《蕭十一郎》改編與原著的爭議



作者:小純
2002/08/01



  其實就字義上來看,原著與改編就有不同,改編既然有個“改”字,當然與原來就會有不同,否則又何必分“原著”與“改編”呢?

  再說到為什麼要改編,其實很多小說或文學作品,當要搬上螢光幕時,不管是以電視劇或電影的方式呈現,都是需要有所更動的,挑出其中的精華來表現。這方面電影可能只是演出其中一段,因為電影長度最多兩個小時,所以不能太複雜,要讓觀眾能很快消化,又不會覺得沒有東西。在電視劇方面來說,要演出長達四十集,每集四十五分鐘的戲,不但要把原著的精華片段演出來,更要去蕪存菁,再加入一點更有戲劇性、有衝擊性的東西,還要迎合時代潮流,劇情要對了觀眾的胃口,觀眾才看得下去,否則就是老掉牙的故事,連復古都談不上!

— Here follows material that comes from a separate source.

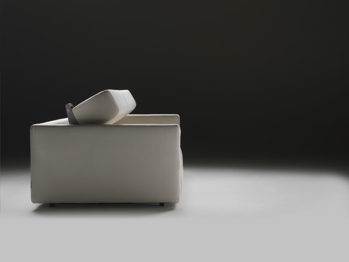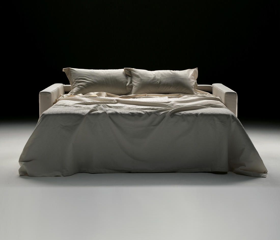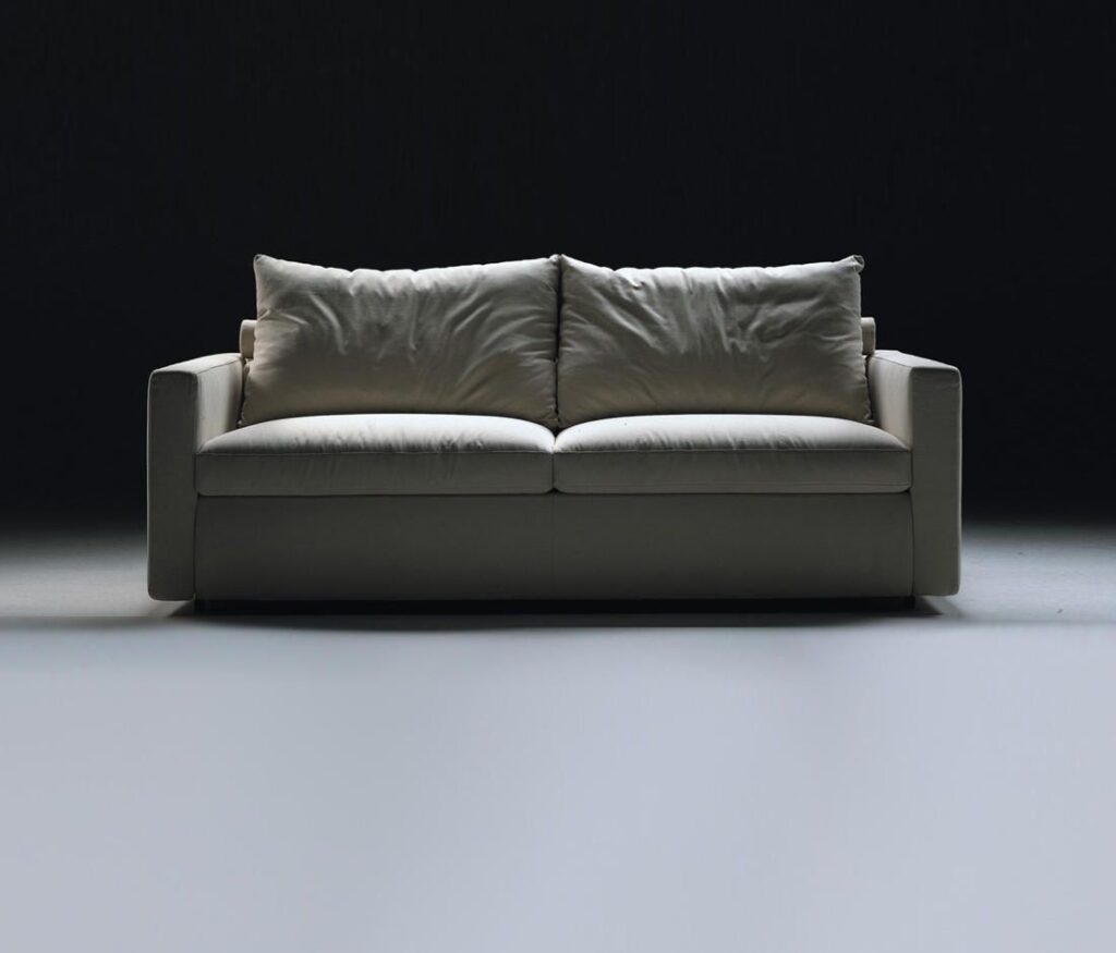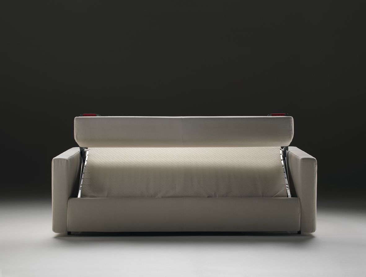 Sofá cama doble. Cerrado es un sofá de lineas elegantes, con la comodidad característica de Flexform. La cama se extrae fácilmente mediante un movimiento mecánico. Tendremos una cama con colchón de poliuretano de 160 x 200 cms.

  小說是以文字來表達的,很多時候還是要靠讀者的想像,意境的營造很重要,怎麼說還是矇了一層薄薄的面紗,所以看起來更有一種矇矓美,所以很多人會很喜歡蕭十一郎原著的悲情美。電視則是靠演員的詮釋來表達,這就直接多了,觀眾可以不必想像,人物就活生生的出現在面前,所有背景、情感、肢體動作、武功招式等,都有了具體的東西,文字描寫要一大段的,電視可能幾秒鐘就演完了,那種感受是不同的。

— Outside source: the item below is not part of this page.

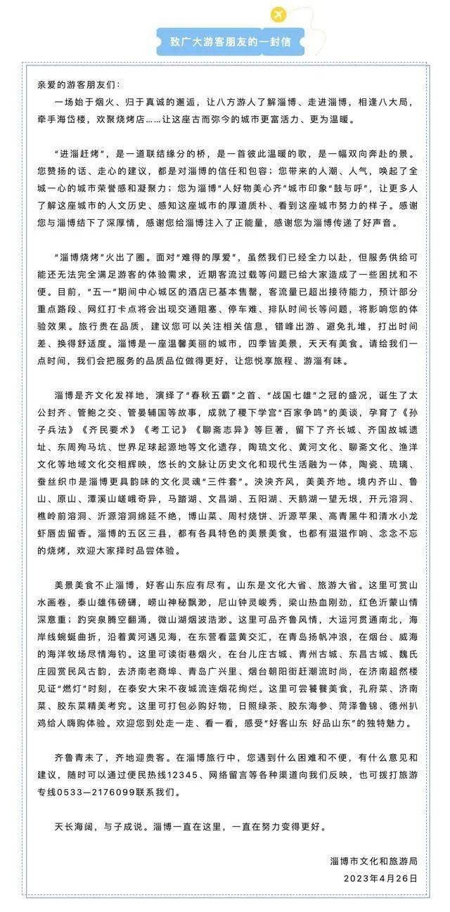 4月26日,淄博市文化和旅游局发布《致广大游客朋友的一封信》。

  其實不只是電視劇及電影,其他像舞台劇、廣播劇等,不同的呈現方式,為了不同的屬性及不同的表達方法,以及不同的觀眾,多多少少都會有不同的改變,就會變成了多個版本,不一定哪個版本就不好,單看每個人的喜好不同,原著好還是改編好?這真的是一個見仁見智的問題,也沒有標準答案,就好像你喜歡一個人,喜歡就是喜歡,別人怎麼說你還是喜歡,而對某些人,你可能怎麼看就是不順眼,一樣的這個世界,在每個人眼裡卻是不同的。

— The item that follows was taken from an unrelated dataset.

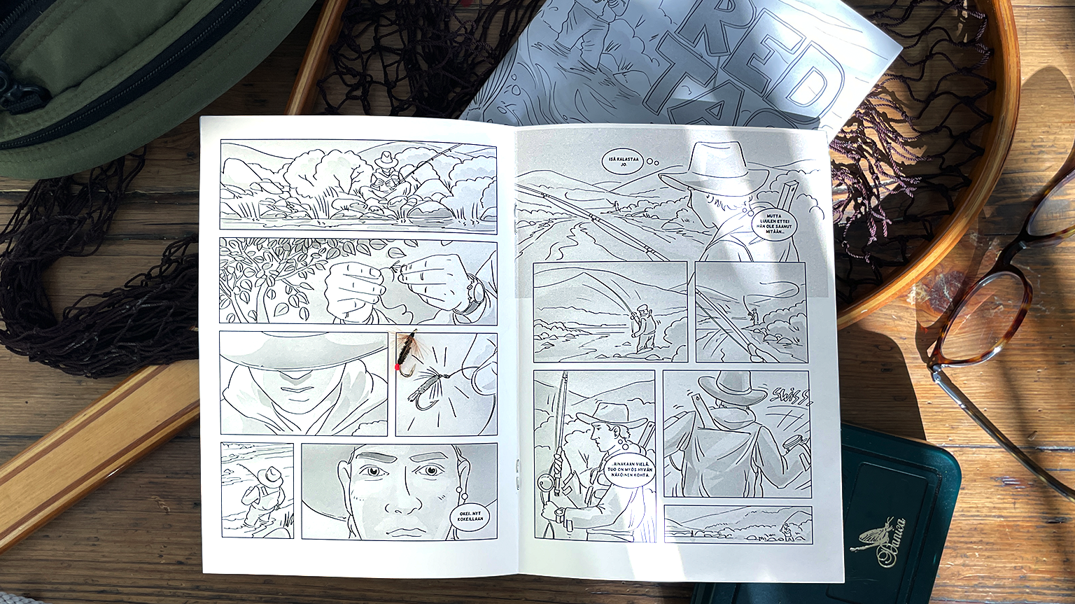 Vuosien mittaan asiakkaille piirrettyjen storyboardien myötä innostuin kokeilemaan onnistuisiko oma lyhytsarjakuvan tekeminen. Aiheeksi valikoitui kalastusharrastus ja tyyliksi myös storyboardien teossa käyttämäni nopea realismiin tukeutuva viivapiirros sävytettynä kevyesti harmaasävyillä. Sarjakuva on lyhyt 16 sivun mittainen tarina.

  改編不能改掉原來的骨幹及精髓,新增加的枝節也不能顯得突兀不搭嘎,在這方面來說,我個人認為吳奇隆版的蕭十一郎編劇就做得不錯,在看此劇之前,我也花了幾天時間看完了原著,原因是想先對故事內容背景有個基本的瞭解,待電視播出後,可以發現原著中幾個重要的情節,例如:小公子嫁禍蕭十一郎「割鹿不如割頭」、沈璧君腳中了小公子毒針蕭十一郎為她療傷、小公子計誘沈璧君半路逼她改嫁卻被蕭十一郎破壞成要她嫁人、小公子花招百出甚至色誘還是鬥不過蕭十一郎、楊開泰碰到風四娘就講話結巴並且多少錢都肯拿出來、蕭十一郎因誤會而遭沈璧君刺了一劍,然後又傷上加傷兩人雙雙被小公子所擒,最後前後跳下絕谷,誤會冰釋且在谷底過了段快樂的日子,還有玩偶山莊、冰冰的出現、風四娘和花如玉的假夫妻關係,以及連城璧接替了逍遙侯的一切妄想稱霸武林等,都保留且做了調整但又不失原味,起承轉合各方面都安排得很合理很順暢,顯見編劇的用心!

  再說到人物性格方面,在原著中的蕭十一郎給大家的印象都是憂鬱、孤寂、蕭索的,他一直是孤獨的大盜,我感覺他還有一點自卑。在書中他是一匹孤獨的狼,特異獨行的狼,因為他不想和別人一般同流合污,卻又不想自顯清高的站出來做英雄,就這一點來說,電視中的蕭十一郎也是如此,不同的是,電視中的蕭十一郎是匹快樂的狼,他會和風四娘分贓,他清楚自己要的是什麼,也積極爭取,他是為自己而活,小說中的蕭十一郎則永遠為別人而活,當他以為他活命的重心──沈璧君或風四娘死了以後,他就失去了生活的重心,整日以酒來灌醉自己,變得醉生夢死,直到另一個可以支持他活起來的人出現。其實在這一點上,編劇也有寫到,當蕭十一郎以為和沈璧君再無希望復合以後,他也在除掉逍遙侯以後,讓自己放縱,心如死灰,渾渾噩噩的活著,直到遇到冰冰,為了幫助她而再度活了過來,這是他重情重義的表現,也是蕭十一郎很重要的一個人格特質。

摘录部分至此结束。